Team creates automated method to assemble story-driven photo albums
Taking photos has never been easier, thanks to the ubiquity of cell phones, tablets and digital cameras. But editing a mass of vacation photos into an album remains a chore. A new automated method developed by Disney Research could ease that task while also telling a compelling story.
The method developed by a team led by Leonid Sigal, senior research scientist at Disney Research, attempts to not only select photos based on quality and relevance, but also to order them in a way that makes narrative sense.
"Professional photographers, whether they are assembling a wedding album or a photo slideshow, know that the strict chronological order of the photos is often less important than the story that is being told," Sigal said. "But this process can be laborious, particularly when large photo collections are involved. So we looked for ways to automate it."

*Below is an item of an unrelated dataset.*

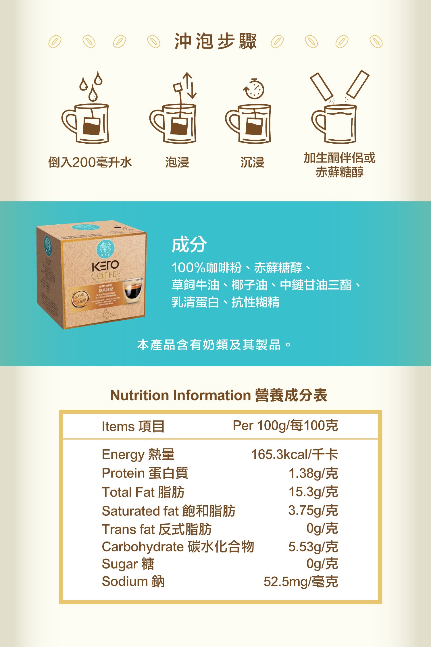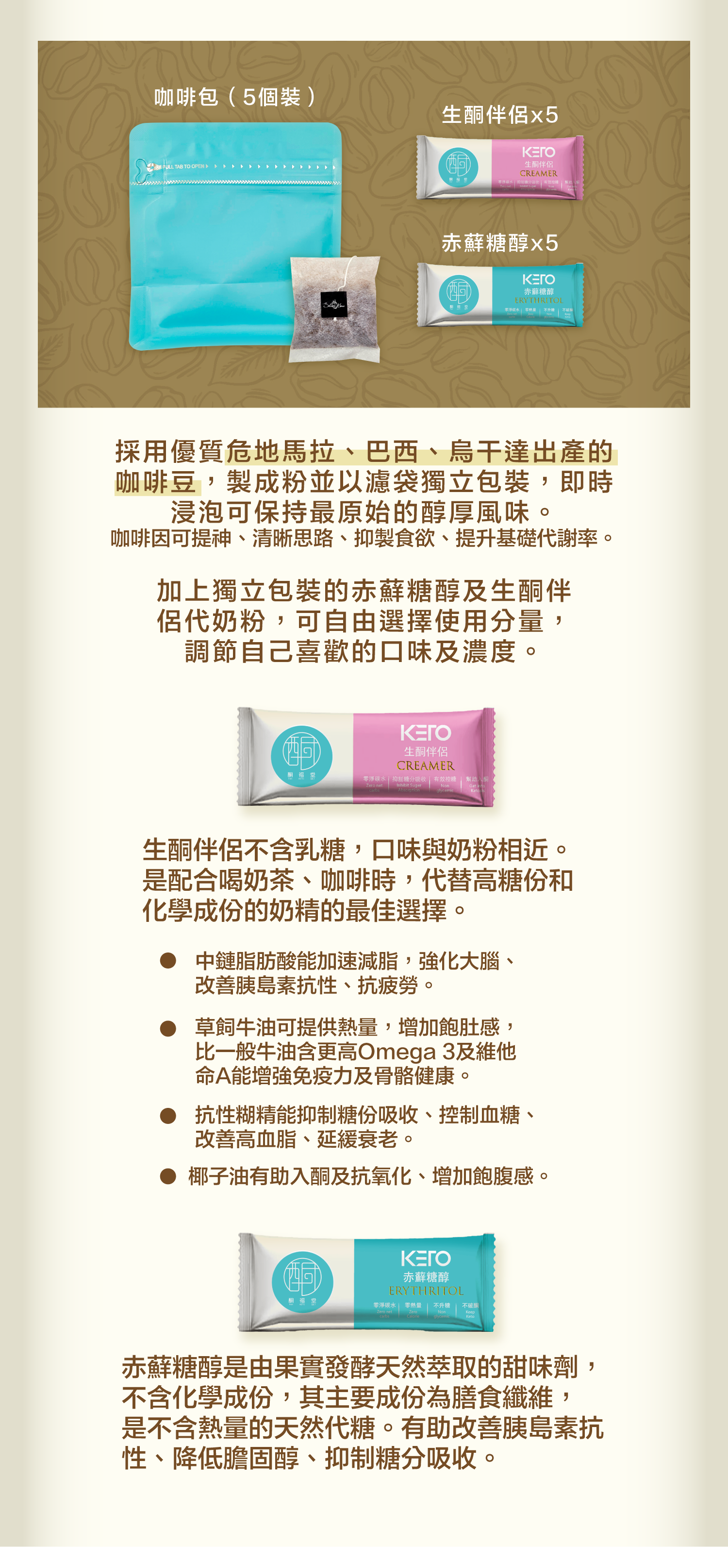 採用優質哥倫比亞、危地馬拉、干達等地出產的咖啡豆,製成粉並以濾袋獨立包裝,即時浸泡可保持最原始的醇厚風味,加上獨立包裝的赤蘚糖醇及生酮伴侶代奶粉,可自由選擇使用分量,調節自己喜歡的口味及濃度。生酮伴侶中含有中鏈脂肪酸能加速減脂、強化大腦、改善胰島素抗性、抗疲勞。草飼牛油可提供熱量、增加 飽肚感、比一般牛油含更高Omega 3及維他命A, 能增強免疫力及骨骼健康。抗性糊精能抑制糖份吸收、控制血糖、改善高血脂、延緩衰老。

Sigal and his collaborators will present their findings at WACV 2015, the IEEE Winter Conference on Applications of Computer Vision, Jan. 6-9, in Waikoloa Beach, Hawaii. Others involved include Disney Research's Rafael Tena, Fereshteh Sadeghi, a computer science graduate student at the University of Central Florida and Ali Farhadi, assistant professor of computer science and engineering at the University of Washington.
The team looked at ways of arranging vacation photos into a coherent album. Previous efforts on automated album creation have relied on arranging photos based largely on chronology and geo-tagging, Sigal noted.
But when four people were asked to choose and assemble five-photo albums that told a story, the researchers noted that these individuals took photos out of chronological order about 40 percent of the time. Subsequent preference testing using Mechanical Turk showed people preferred these annotated albums over those chosen randomly or those based on chronology.
To create a computerized system capable of creating a compelling visual story, the researchers built a model that could create albums based on variety of photo features, including the presence or absence of faces and their spatial layout; overall scene textures and colors; and the esthetic quality of each image.
Their model also incorporated learned rules for how albums are assembled, such as preferences for certain types of photos to be placed at the beginning, in the middle and at the end of albums. An album about a Disney World visit, for instance, might begin with a family photo in front of Cinderella's castle or with Mickey Mouse. Photos in the middle might pair a wide shot with a close-up, or vice versa. Exclusionary rules, such as avoiding the use the same type of photo more than once, were also learned and incorporated.
The researchers used a machine learning algorithm to enable the system to learn how humans use those features and what rules they use to assemble photo albums. The training sets used for this purpose were created for the study from thousands of photos from Flickr. These included 63 image collections in five topic areas: trips to Disney theme parks, beach vacations and trips to London, Paris and Washington, D.C. Each collection was annotated by four people, who were asked to assemble five-photo albums that told stories and to group images into sets of near duplicates.
Once the system learned the principles of selecting and ordering photos, it was able to compose photo albums from unordered and untagged collections of photos. Sigal noted that such a system also can learn the preferences of individuals, in assembling these collections, to customize the album creation process.